ГЛАВА 14 Раннее прибытие

Сквозь пелену сна я постепенно осознавал, что меня зовут.

– Джон, Джон, проснись, – это была Дженни, она трясла меня. – Джон, мне кажется, что ребенок уже идет.

Я облокотился на кровать и протер глаза. Дженни лежала на своей половине, поджав колени к животу.

– Ребенок что?

– У меня начались сильные схватки. Я уже некоторое время пытаюсь регулировать их. Нужно позвонить доктору Шерману.

Теперь уж я окончательно проснулся. Начинаются роды? Я с ума сходил от ожидания нашего второго ребенка, мальчика, как мы узнали после УЗИ. Однако срок был совершенно неподходящим. Шла лишь двадцать первая неделя, только закончилась первая половина сороканедельного срока. В книгах о беременности были фотографии высокого разрешения, демонстрировавшие рост зародыша каждую неделю. Всего несколько дней назад мы, читая одно пособие, рассматривали снимки зародыша на двадцать первой неделе и удивлялись тому, как растет ребенок. На двадцать первой неделе развития зародыш помещается на ладони. Он весит меньше полукилограмма. Его глаза еще не раскрылись, его пальчики похожи на хрупкие маленькие прутики, а легкие развиты недостаточно для того, чтобы забирать из воздуха кислород. Едва ли в двадцать одну неделю зародыш жизнеспособен. Его шанс выжить вне матки без последующих серьезных проблем со здоровьем крайне мал. Не зря он должен развиваться в матке девять долгих месяцев. На двадцать первой неделе риск необычайно велик.

– Возможно, ничего страшного, – сказал я. Но пока я быстро набирал номер приемной женской консультации, мое сердце колотилось. Через пару минут перезвонил доктор Шерман, его голос тоже дрожал.

– Не исключено, что это просто газы, – сказал он. – Но лучше провести осмотр.

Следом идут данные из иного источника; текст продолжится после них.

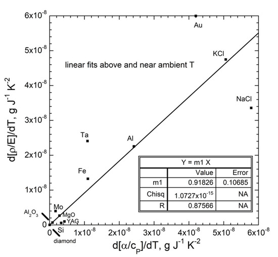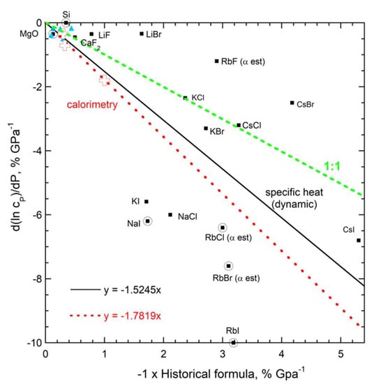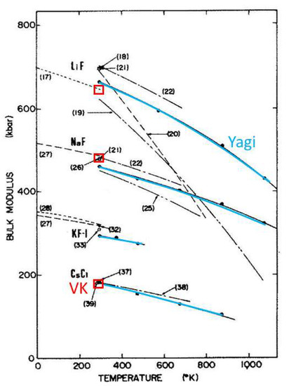 - Yagi, T. Experimental determination of thermal expansivity of several alkali halides at high pressures. J. Phys. Chem. Solids 1978, 39, 563–571. [Google Scholar] [CrossRef]
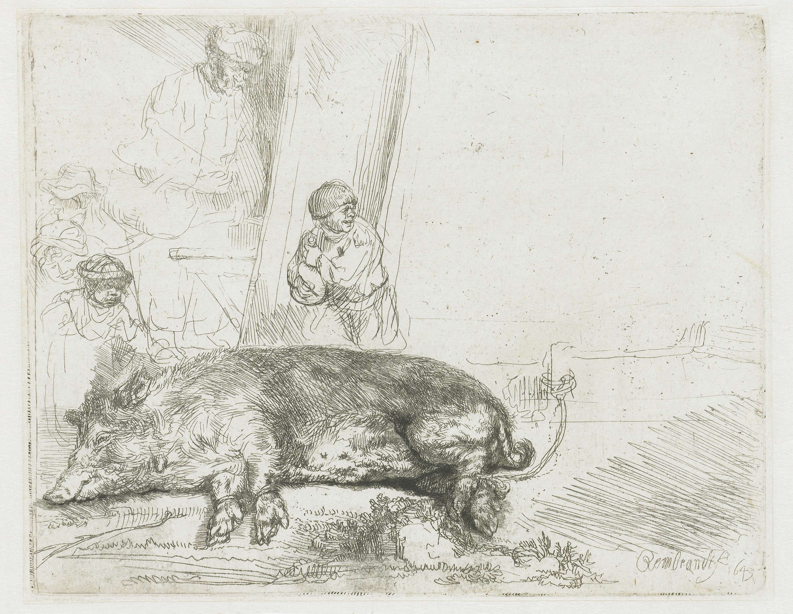 Mogelijk zag Rembrandt deze zeug op de Amsterdamse varkensmarkt. Hij maakte een gedetailleerde studie van het beest en zette die vervolgens in een verhalende context. Zo voegde hij met snelle lijnen een slager toe die de slacht voorbereidt, en een opgetogen jongetje spelend met een varkensblaas. Daarmee loopt Rembrandt nogal op de zaken vooruit, want ...
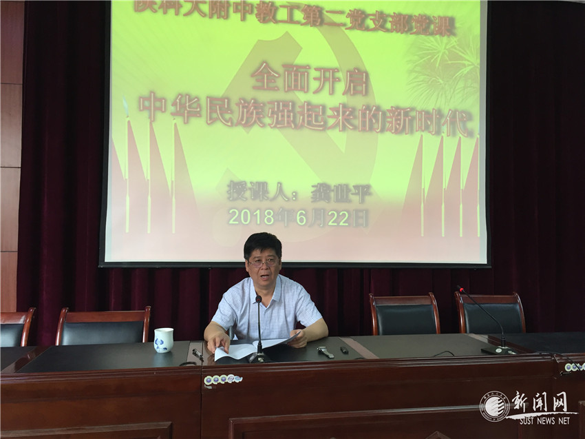 6月22日上午,龔世平在西二樓報(bào)告廳為教工第二黨支部全體黨員上了一堂題為“全面開啟中華民族強(qiáng)起來的新時(shí)代”的黨課。龔世平強(qiáng)調(diào),不忘初心,方得始終,全體教師黨員要恪守政治紀(jì)律、政治規(guī)矩,做講政治的表率;全面培育學(xué)生核心素養(yǎng),做教書育人的先鋒;嚴(yán)守師德底線,做廉潔從教的模范;要以高尚的品德、良好的心態(tài)、扎實(shí)的作風(fēng)認(rèn)真做好本職工作。
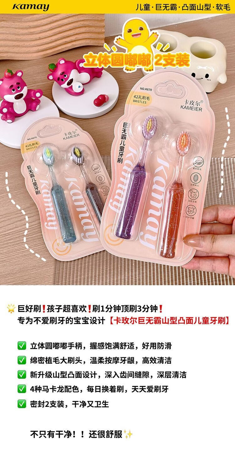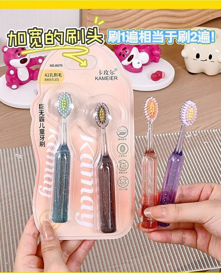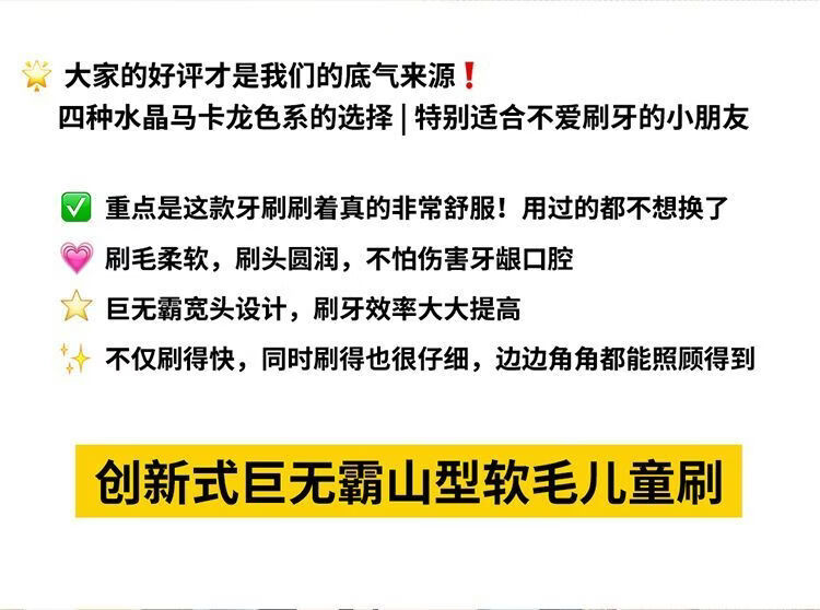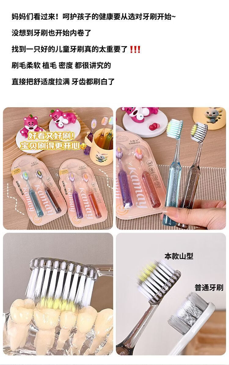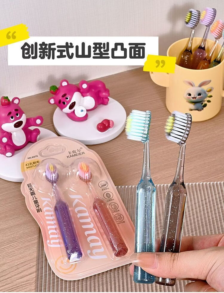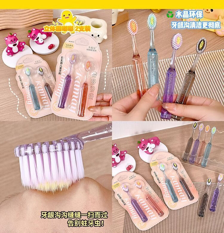 小红书同款水晶高档新款AA 4支装(缤纷色系) 牙刷3-12岁儿童水晶罗马柱凸面

Он велел немедленно привезти Дженни в больницу. Я забегал по дому, бросая нужные вещи в сумку, разводя смесь в бутылочках, собирая запас подгузников. Дженни позвонила своей подруге и коллеге Сэнди, еще одной новоиспеченной мамаше, которая жила в нескольких кварталах от нас, и спросила, можно ли нам забросить к ней Патрика. Марли тоже был на ногах, потягиваясь и зевая. Да это же ночное путешествие!

– Прости, Мар, – извинился я перед ним, отведя в гараж и заметив нескрываемое разочарование на его морде. – Придется тебе нести вахту в наше отсутствие.

Я выгреб Патрика из кроватки, посадил в детское сидение, не разбудив, и мы устремились в темноту ночи.

В отделении интенсивной терапии больницы Святой Марии медсестры быстро приступили к работе. Они переодели Дженни и начали измерять силу схваток и пульс ребенка. Действительно, у Дженни каждые шесть минут начиналась новая схватка. Определенно, это были не кишечные газы.

– Ваш ребенок хочет появиться на свет, – сказала одна из медсестер. – Мы сделаем все возможное, чтобы этого не произошло.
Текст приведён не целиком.